Finding Where to Contribute

  1. Check Issues: Look for issues labeled good-first-issue or help-wanted
  2. Review TODOs: Search for TODO comments in the codebase
  3. Improve Tests: Areas with low test coverage are good targets
  4. Documentation: Improve code comments and documentation
  5. Performance: Profile and optimize hot paths (with benchmarks)

Common PR Patterns

Small, Focused Changes

Most PRs change only 1-5 files. Examples:

  • Single-line bug fixes
  • Adding a missing trait implementation
  • Updating error messages
  • Adding test cases for edge conditions

Integration Work

When dependencies update (especially revm), code needs updating:

  • Check for breaking API changes
  • Update to use new features (like EIP implementations)
  • Ensure compatibility with new versions

Test Improvements

Tests often need expansion for:

  • New protocol versions (ETH68, ETH69)
  • Edge cases in state transitions
  • Network behavior under specific conditions
  • Concurrent operations

Making Code More Generic

Common refactoring pattern:

  • Replace concrete types with generics
  • Add trait bounds for flexibility
  • Enable reuse across different chain types (Ethereum, Optimism)

When to Comment

Write comments that remain valuable after the PR is merged. Future readers won't have PR context - they only see the current code.

DO: Add Value

Explain WHY and non-obvious behavior:

// Process must handle allocations atomically to prevent race conditions
// between dealloc on drop and concurrent limit checks
unsafe impl GlobalAlloc for LimitedAllocator { ... }

// Binary search requires sorted input. Panics on unsorted slices.
fn find_index(items: &[Item], target: &Item) -> Option

// Timeout set to 5s to match EVM block processing limits
const TRACER_TIMEOUT: Duration = Duration::from_secs(5);

Document constraints and assumptions:

/// Returns heap size estimate.
/// 
/// Note: May undercount shared references (Rc/Arc). For precise
/// accounting, combine with an allocator-based approach.
fn deep_size_of(&self) -> usize

Explain complex logic:

// We reset limits at task start because tokio reuses threads in
// spawn_blocking pool. Without reset, second task inherits first
// task's allocation count and immediately hits limit.
THREAD_ALLOCATED.with(|allocated| allocated.set(0));
DON'T: Describe Changes
// ❌ BAD - Describes the change, not the code
// Changed from Vec to HashMap for O(1) lookups

// ✅ GOOD - Explains the decision
// HashMap provides O(1) symbol lookups during trace replay
// ❌ BAD - PR-specific context
// Fix for issue #234 where memory wasn't freed

// ✅ GOOD - Documents the actual behavior
// Explicitly drop allocations before limit check to ensure
// accurate accounting
// ❌ BAD - States the obvious
// Increment counter
counter += 1;

// ✅ GOOD - Explains non-obvious purpose
// Track allocations across all threads for global limit enforcement
GLOBAL_COUNTER.fetch_add(1, Ordering::SeqCst);

Comment when:

  • Non-obvious behavior or edge cases
  • Performance trade-offs
  • Safety requirements (unsafe blocks must always be documented)
  • Limitations or gotchas
  • Why simpler alternatives don't work

Don't comment when:

  • Code is self-explanatory
  • Just restating the code in English
  • Describing what changed in this PR
The Test: "Will this make sense in 6 months?"

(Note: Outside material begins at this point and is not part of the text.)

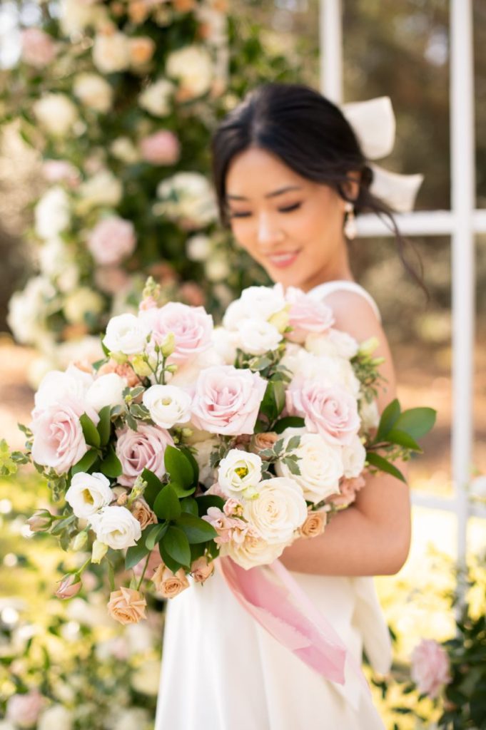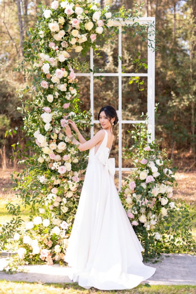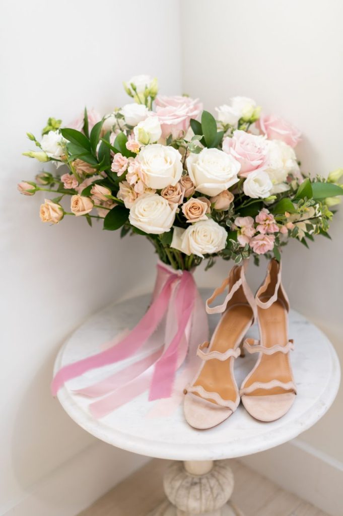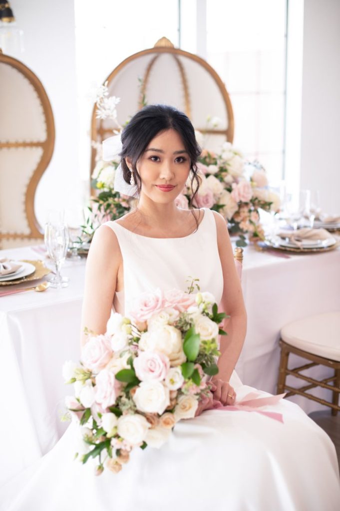 From the florist, Donna of The Senterpiece: “The design for the photoshoot at The Meekermark was a complement to the bow theme with the flowers in soft pinks, creams and champagne tones. The floral table arrangement was designed in a crystal compote with flowers including sweet eskimo roses, O’Hara garden roses, ranunculus, stock, hydrangea, Lisianthus, Peonies, champagne spray roses and dahlias. The garden window design was more freeform with flowers in complementing roses, stock, hydrangea with the smilax foliage wisping throughout the arrangement. The bridal bouquet was a somewhat unstructured hand-tied bouquet with an oval shape overall. We had a great time designing the photoshoot with all the beautiful weather outside!”

Before adding a comment, ask: Would someone reading just the current code (no PR, no history) find this helpful?

Example Contribution Workflow

Let's say you want to fix a bug where external IP resolution fails on startup:

  1. Create a branch:

    git checkout -b fix-external-ip-resolution
    
  2. Find the relevant code:

    # Search for IP resolution code
    rg "external.*ip" --type rust
    
  3. Reason about the problem, when the problem is identified, make the fix:

    // In crates/net/discv4/src/lib.rs
    pub fn resolve_external_ip() -> Option<IpAddr> {
        // Add fallback mechanism
        nat::external_ip()
            .or_else(|| nat::external_ip_from_stun())
            .or_else(|| Some(DEFAULT_IP))
    }
    
  4. Add a test:

    #[test]
    fn test_external_ip_fallback() {
        // Test that resolution has proper fallbacks
    }
    
  5. Run checks:

    cargo +nightly fmt --all
    cargo clippy --all-features
    cargo test -p reth-discv4
    
  6. Commit with clear message:

    git commit -m "fix: add fallback for external IP resolution
    
    Previously, node startup could fail if external IP resolution
    failed. This adds fallback mechanisms to ensure the node can
    always start with a reasonable default."
    

Quick Reference

Essential Commands

# Format code
cargo +nightly fmt --all

# Run lints
RUSTFLAGS="-D warnings" cargo +nightly clippy --workspace --all-features --locked

# Run tests
cargo nextest run --workspace

# Run specific benchmark
cargo bench --bench bench_name

# Build optimized binary
cargo build --release --features "jemalloc asm-keccak"

# Check compilation for all features
cargo check --workspace --all-features

# Check documentation
cargo docs --document-private-items